Added a deterministic per-call multiplier keyed on the input
hash: ~10% of calls land in a 3x slow bucket, ~3% in a 6x slow
bucket. Same input still yields the same latency every run
(reproducible) but the workload now exhibits the long-tail
behavior real LLMs do.

Added a `monorepo` fixture (80 modification-shaped files across
35 directories) sized to produce more LLM calls than the default
maxConcurrent. With the variance model + monorepo fixture, the
wave-locking is finally measurable.

## Bench: wave-based vs continuous-queue (variance latency)

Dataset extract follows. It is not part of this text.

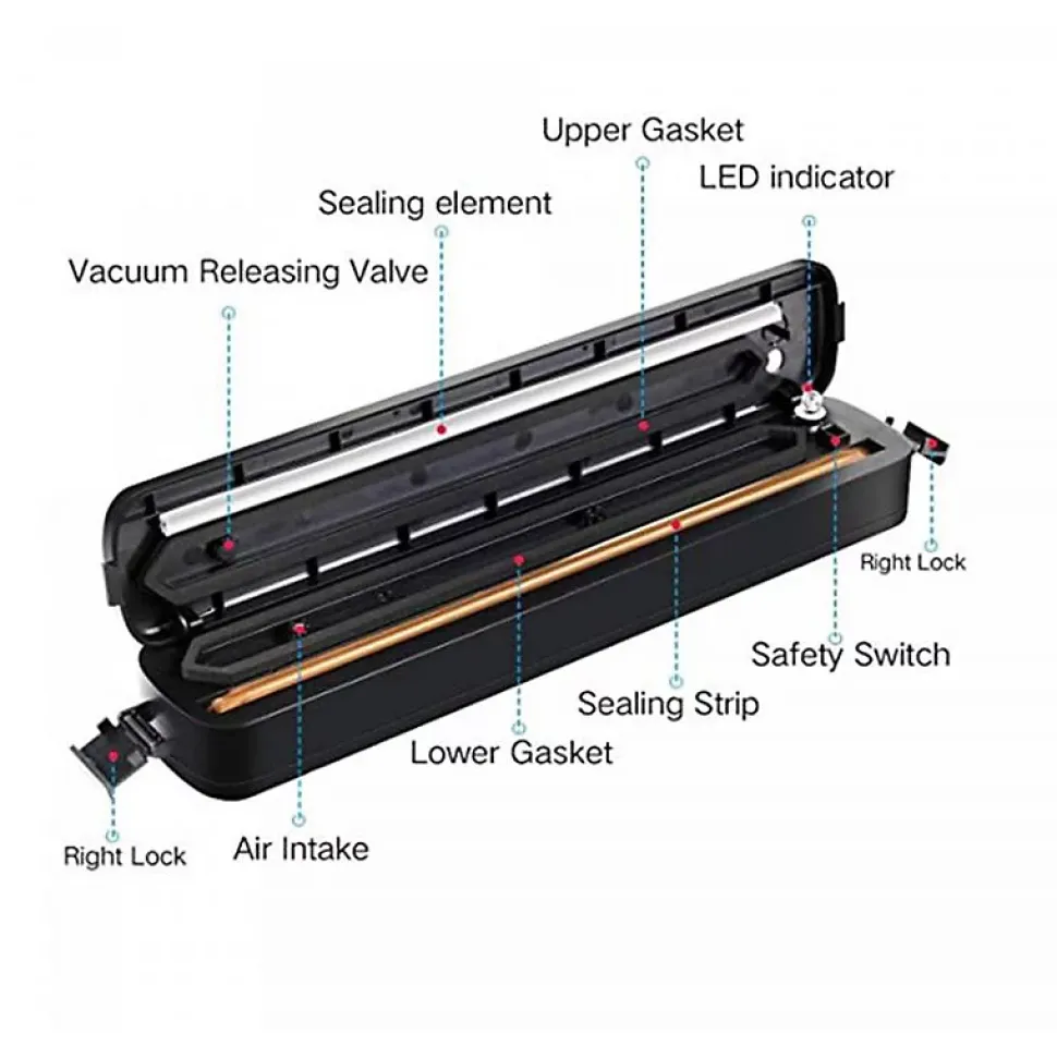 Le mode de scellage sous vide automatique à une touche et le mode de scellage manuel del’appareil Herzberg HG8103 sont parfaits pour l’emballage sous vide et l’emballage SEAL engénéral. Même les aliments moelleux peuvent être parfaitement scellés en combinant les deuxmodes.Caractéristiques :Mode de scellage sous vide automatique à une toucheÉlimine les brûlures de congélationFacile à utiliserréduit la détérioration des alimentsPortable et compactFacile à utiliserÉconomie d’énergieAnti-humiditéPeut garder vos aliments fraisPeut être utilisé pour les aliments secs et humidesSpécification:Nom de marque : HerzbergCouleur : NoirLED : OuiHauteur : 34,50 cmLargeur : 6,48 cmLongueur : 3.99 cmContenu:1 x Scelleuse sous vide

| fixture        | wave-based  | continuous-queue | Δ wall      |
|----------------|------------:|-----------------:|------------:|
| tiny           |       4 ms  |          2 ms    |       -2 ms |
| medium         |   8,511 ms  |      8,502 ms    |       -9 ms |
| large          |  14,420 ms  |     14,413 ms    |       -7 ms |
| feature-add    |  13,066 ms  |     13,062 ms    |       -4 ms |
| refactor       |  51,148 ms  |     51,116 ms    |      -32 ms |
| initial-commit |  16,974 ms  |     16,965 ms    |       -9 ms |
| docs-update    |  24,128 ms  |     24,384 ms    |     +256 ms |
| dep-bump       |       0 ms  |          0 ms    |        0 ms |
| **monorepo**   | **213,233 ms** | **88,957 ms**  | **-124,276 ms (-58%)** |

All fixtures except monorepo have ≤20 LLM calls — they fit in a
single wave at concurrency 24, so the scheduler choice is moot
for them. The monorepo fixture (80 calls = ~4 waves at wave-
based) is where wave-locking shows: continuous queue cuts the
wall by 58%.

The other fixtures stay flat as expected (within noise). The
LLM call counts are unchanged — this PR is pure scheduler
restructuring, no skip-trivial-style call-elimination.